_EXTRACTED DATA_
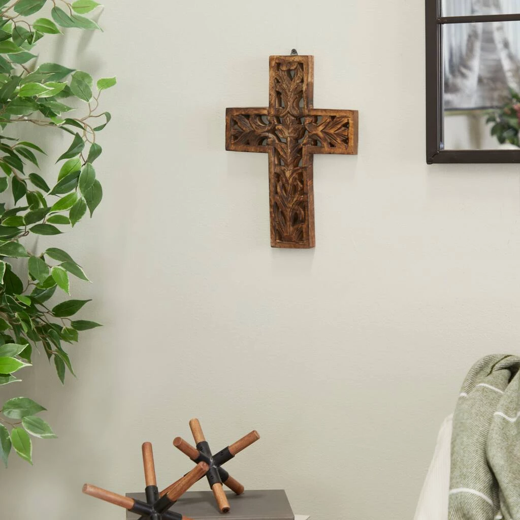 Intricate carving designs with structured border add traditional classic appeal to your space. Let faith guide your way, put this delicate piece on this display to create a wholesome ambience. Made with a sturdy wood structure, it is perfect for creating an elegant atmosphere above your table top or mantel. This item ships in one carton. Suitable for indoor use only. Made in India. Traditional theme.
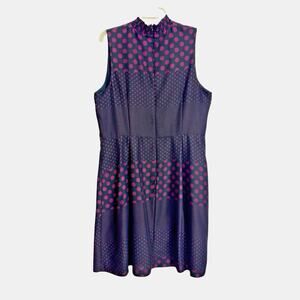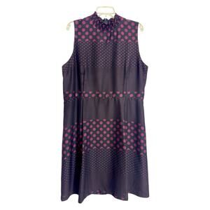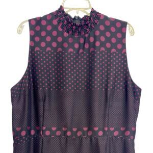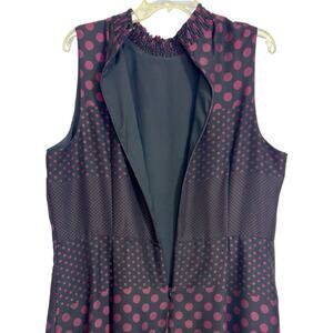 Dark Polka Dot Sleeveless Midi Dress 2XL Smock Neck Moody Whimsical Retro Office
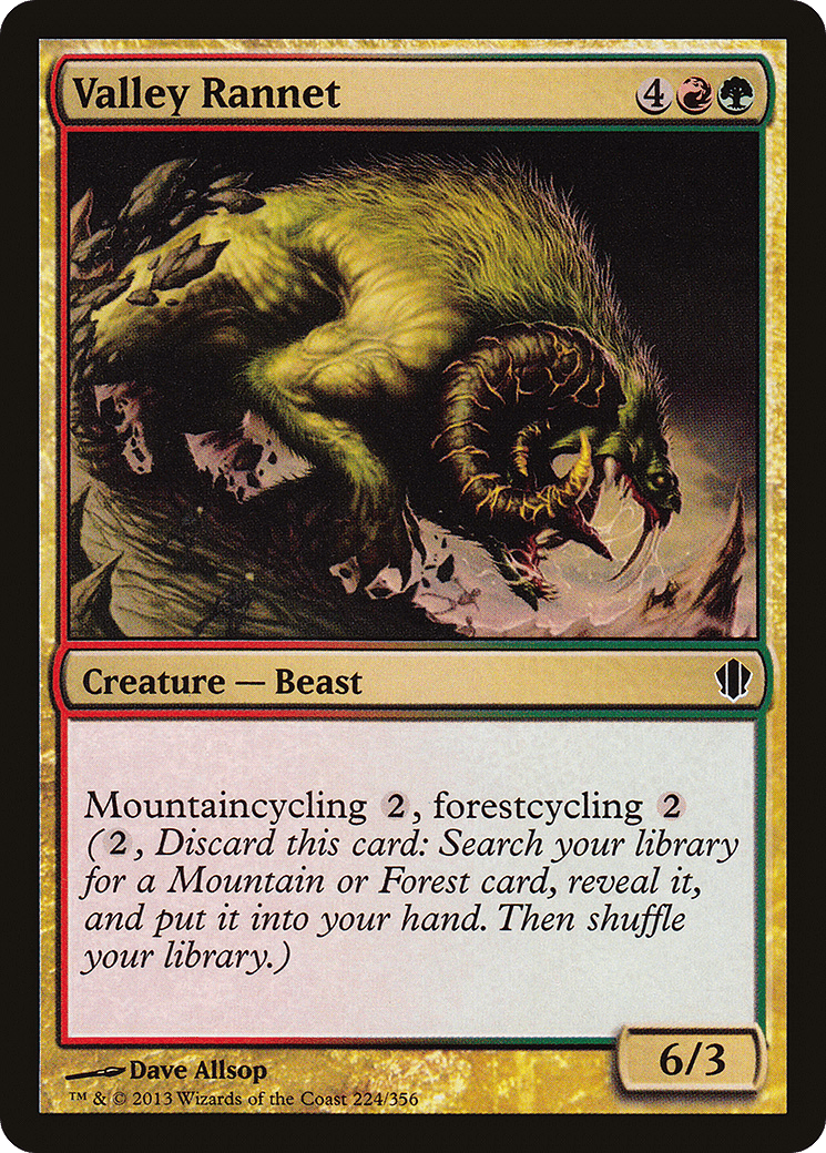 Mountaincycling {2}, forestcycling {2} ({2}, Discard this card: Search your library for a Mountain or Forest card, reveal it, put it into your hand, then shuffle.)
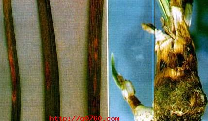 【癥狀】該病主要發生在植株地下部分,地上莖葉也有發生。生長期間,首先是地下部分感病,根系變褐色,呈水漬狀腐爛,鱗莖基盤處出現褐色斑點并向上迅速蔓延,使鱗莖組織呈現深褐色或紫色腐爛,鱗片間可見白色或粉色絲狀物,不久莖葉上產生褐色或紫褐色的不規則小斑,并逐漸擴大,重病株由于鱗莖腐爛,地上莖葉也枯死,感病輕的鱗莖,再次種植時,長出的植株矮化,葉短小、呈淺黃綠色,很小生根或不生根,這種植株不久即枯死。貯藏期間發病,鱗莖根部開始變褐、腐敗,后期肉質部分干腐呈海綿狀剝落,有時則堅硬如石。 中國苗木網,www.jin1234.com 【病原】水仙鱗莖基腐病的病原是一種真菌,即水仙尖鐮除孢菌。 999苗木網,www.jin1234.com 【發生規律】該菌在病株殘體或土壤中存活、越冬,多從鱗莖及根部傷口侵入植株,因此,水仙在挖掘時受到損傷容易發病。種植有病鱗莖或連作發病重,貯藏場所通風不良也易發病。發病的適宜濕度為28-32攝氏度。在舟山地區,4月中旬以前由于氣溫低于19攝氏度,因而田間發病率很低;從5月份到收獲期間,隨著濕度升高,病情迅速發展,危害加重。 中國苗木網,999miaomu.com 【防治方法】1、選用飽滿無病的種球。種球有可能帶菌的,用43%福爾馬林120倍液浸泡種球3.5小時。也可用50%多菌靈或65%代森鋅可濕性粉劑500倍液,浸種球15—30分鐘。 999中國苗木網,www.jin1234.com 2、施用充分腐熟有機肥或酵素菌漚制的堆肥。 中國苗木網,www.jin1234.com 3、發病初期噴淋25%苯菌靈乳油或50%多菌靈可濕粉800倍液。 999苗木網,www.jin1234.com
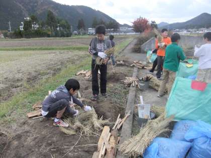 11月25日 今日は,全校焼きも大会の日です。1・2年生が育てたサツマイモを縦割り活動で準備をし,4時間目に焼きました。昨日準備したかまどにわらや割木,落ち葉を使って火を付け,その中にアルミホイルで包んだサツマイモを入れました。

_WHAT IS NEEDED_
Exactly what appears in the records above must be returned, apart from the pictures.

_RESULT OF THE EXERCISE_
 Intricate carving designs with structured border add traditional classic appeal to your space. Let faith guide your way, put this delicate piece on this display to create a wholesome ambience. Made with a sturdy wood structure, it is perfect for creating an elegant atmosphere above your table top or mantel. This item ships in one carton. Suitable for indoor use only. Made in India. Traditional theme.
 Dark Polka Dot Sleeveless Midi Dress 2XL Smock Neck Moody Whimsical Retro Office
 Mountaincycling {2}, forestcycling {2} ({2}, Discard this card: Search your library for a Mountain or Forest card, reveal it, put it into your hand, then shuffle.)
 【癥狀】該病主要發生在植株地下部分,地上莖葉也有發生。生長期間,首先是地下部分感病,根系變褐色,呈水漬狀腐爛,鱗莖基盤處出現褐色斑點并向上迅速蔓延,使鱗莖組織呈現深褐色或紫色腐爛,鱗片間可見白色或粉色絲狀物,不久莖葉上產生褐色或紫褐色的不規則小斑,并逐漸擴大,重病株由于鱗莖腐爛,地上莖葉也枯死,感病輕的鱗莖,再次種植時,長出的植株矮化,葉短小、呈淺黃綠色,很小生根或不生根,這種植株不久即枯死。貯藏期間發病,鱗莖根部開始變褐、腐敗,后期肉質部分干腐呈海綿狀剝落,有時則堅硬如石。 中國苗木網,www.jin1234.com 【病原】水仙鱗莖基腐病的病原是一種真菌,即水仙尖鐮除孢菌。 999苗木網,www.jin1234.com 【發生規律】該菌在病株殘體或土壤中存活、越冬,多從鱗莖及根部傷口侵入植株,因此,水仙在挖掘時受到損傷容易發病。種植有病鱗莖或連作發病重,貯藏場所通風不良也易發病。發病的適宜濕度為28-32攝氏度。在舟山地區,4月中旬以前由于氣溫低于19攝氏度,因而田間發病率很低;從5月份到收獲期間,隨著濕度升高,病情迅速發展,危害加重。 中國苗木網,999miaomu.com 【防治方法】1、選用飽滿無病的種球。種球有可能帶菌的,用43%福爾馬林120倍液浸泡種球3.5小時。也可用50%多菌靈或65%代森鋅可濕性粉劑500倍液,浸種球15—30分鐘。 999中國苗木網,www.jin1234.com 2、施用充分腐熟有機肥或酵素菌漚制的堆肥。 中國苗木網,www.jin1234.com 3、發病初期噴淋25%苯菌靈乳油或50%多菌靈可濕粉800倍液。 999苗木網,www.jin1234.com
 11月25日 今日は,全校焼きも大会の日です。1・2年生が育てたサツマイモを縦割り活動で準備をし,4時間目に焼きました。昨日準備したかまどにわらや割木,落ち葉を使って火を付け,その中にアルミホイルで包んだサツマイモを入れました。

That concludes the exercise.